” I met my German in-laws separately on two different occasions. My brother and sister-in-law in Hongkong before our wedding while my parents in law when I moved to Germany. I had a mixed emotion. I didn’t know what to expect. In the end, they have surpassed my expectations”.
I had a little idea of how German people’s characteristics are, strict but nice as well as friendly. Most of all, they like staring at people.
Nonetheless, that was just my stereotype of them, especially from the ones I met in my travels.
My siblings in law
I didn’t know what the first impression my siblings in law, Alex, my husband’s brother, and his wife, Julia, would have on me. Although I have met them on Skype plenty of times before, this was my first time meeting them in person. They traveled to Hongkong to be part of our wedding. Doing that made me appreciate them more.
Meeting at a restaurant recommended by Michelin.
In Hongkong, you’ll find hundreds of fine restaurants that serve exquisite dishes.
My husband and I first arrived, so we made a table reservation for four.
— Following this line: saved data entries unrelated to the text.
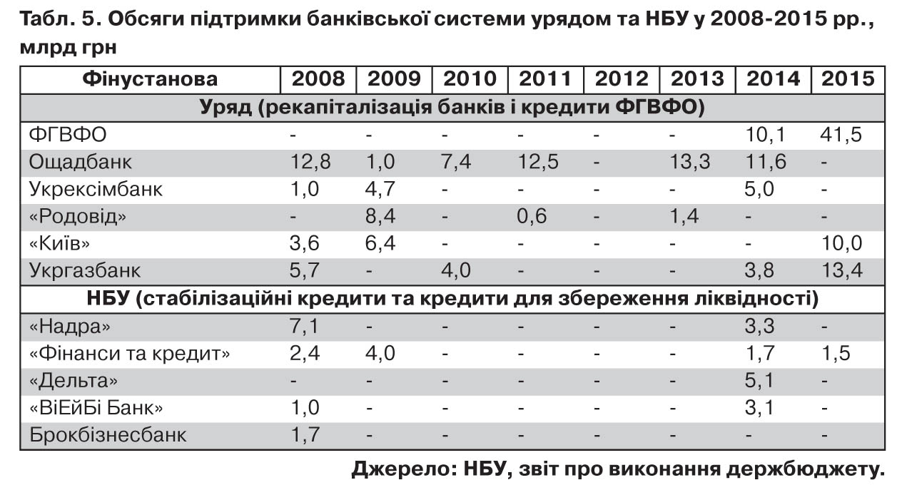 На рекапіталізацію збанкрутілих банків, зокрема Укргазбанку, "Родовід банку" та банку "Київ", було витрачено загалом 36 млрд грн протягом 2008–2015 рр. На кінець третього кварталу 2015-го обсяг нерозподілених збитків Ощадбанку становив 14,3 млрд грн, або 54% від обсягу рекапіталізації у 2008–2015 рр.; Укрексімбанку - 17,6 млрд (94% від обсягу рекапіталізації), Укргазбанку - 9,2 млрд грн (70%).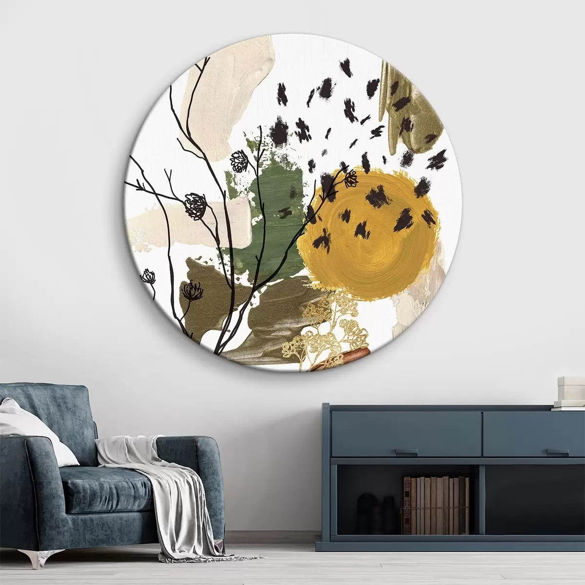 Picturi rotunde Compoziție de toamnă în acuarelă din ramuri liniare, pete maro, galbene și verzi. r35950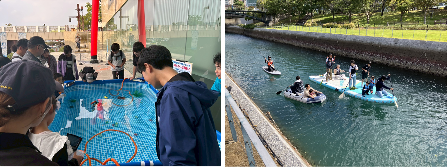 長崎県美術館の運河ギャラリーでは、特に先端技術を活用した参加型コンテンツが高い人気を集めました。水中ドローンを使った宝探し体験では、参加者がドローンを操縦し、プールの底にあるカプセルを器用に引き上げると歓声が上がり、未来の海洋産業を担うテクノロジーに触れる絶好の機会となりました。また、巨大SUP(スタンドアップパドル)体験、高校生が製作した電動船の操作体験、そして海洋ごみを使ったキーホルダー作りワークショップも実施されていて、子どもも大人も夢中でチャレンジしていました。この日は、夕方まで水辺の森公園側でも Lovefesのステージイベントや花火が控えていたため、イベントの賑わいが終了時間まで続きました。

I was anxiously waiting, but then, when they finally came in, we exchanged each other a massive hug like we’ve known each other for a long, long time, and we were delighted to see each other.
As far as I knew, they were also excited to meet me in person finally and witness and be part of our special day.
We spent the entire night altogether, hit some bars, drunk, and chatted a lot. They spoke excellent English, so I didn’t have a problem in terms of communication.
My brother in law, Alex, was quite similar to my husband, gentleman, good talker, amicable, and liked beer loads.
On the one hand, my sister in law, Julia, was calm and a sweet woman and multilingual. ( amazing!) She told me she’s an only child, that being so, she’s thrilled for me to be part of the family Kaiser. Now, there would be one more lady in the family.
We separated happily and was looking forward to the next meeting.
Meeting my parents in law
( I like to call them Mum & Dad, and they’re happy with that) They swung by at our apartment in Munich so that we could go together to the restaurant.
Feeling tensed was consistently my emotion. My heart was pumping so fast. It’s probably because I drunk too much coffee that day, or it’s just that, naturally, I was too nervous.
“The first impression lasts forever”
I always believed in that saying. For that reason, I kept asking my husband if I looked alright with my dress.
He always knew how to make me feel better and relax, he didn’t have any other words to say except ” you look, beautiful sweetheart, don’t worry, they liked you already. Just be yourself“.
(Just be yourself for me means I can be clumsy)
Wie Geht es Ihnen? ( how are you) The first words I spoke to my father in law
Wie geht es Dir, he said
Oh yea, I laughed. ” Entschuldigung” – that means sorry in English
Actually, that was a correction.
Using ” Ihnen” is a more formal one, for people we don’t know or in a very formal event, while
” dir” is a casual one. Dad wanted to make me feel comfortable by using a casual conversation.
Giving a small present is part of German culture.
In Germany, it’s polite to bring someone a present at the first or second or every meeting. It’s highly part of the tradition that one of the German traditions lived with.
We shared some small appetizers like ham and cheese and wine from our apartment before heading off to the restaurant. Unlike The Philippines, these snacks are natural, accessible, and affordable. You can find them in every single supermarket in Germany at a superior quality.
We took a grab to the restaurant. It was not that very far, so we reached the establishment immediately.
Superb foods, appetizing wine, and pleasant ambiance. My husband mainly chose it for this special evening. In fact, that’s one of the most exquisite restaurants in Munich.
The night progressed with healthy, absorbing, and gratified conversation. We talked a lot regarding our own families, but they were most interested in my family in the Philippines.
I narrated a few stories about how each of our family members does, their jobs, my mum, my sisters, among many others.
One amiable trait that I adored the most about my Mum & Dad was that they were not self-centered. They’re very keen on my Filipino family, too.
Hospitality is a common trait practiced in the Filipino family, which means we give our best to be the friendliest, most welcoming and make the visitor or a member of the new family feel at home to not feel intimidated or uncomfortable.
And indeed, this has been a tradition that every Filipino inherited from our old generations.
Thus, upon meeting my German in-laws, my expectation was unparalleled.
But as I got to know my German in-laws intimately and sincerely, I realized that they were beyond beautiful people, extraordinary, loving, hospitable ( like Filipinos), and, most of all, generous.
My Dad is a charming nice man, kind and sociable. Now I no wonder where my husband inherited his charisma.
Mothers in law – a monster in law.
That saying means your mother in law is like a monster who will terrify you in every way possible. Luckily, this doesn’t apply to me at all.
My Mum is absolutely an angel, a woman of passion, and a heart full of love. Even the way she spoke was very calm and soothing.
Above everything, I have always hoped before meeting them that they would like me, welcomed me in their family with open arms, which I must say, I have felt it more than ever.
Those two separate days, I met my German in-laws were memorable for me.
Having my husband is a blessing, and having my in-laws is a stroke of incredible luck. I could never trade that for anything else.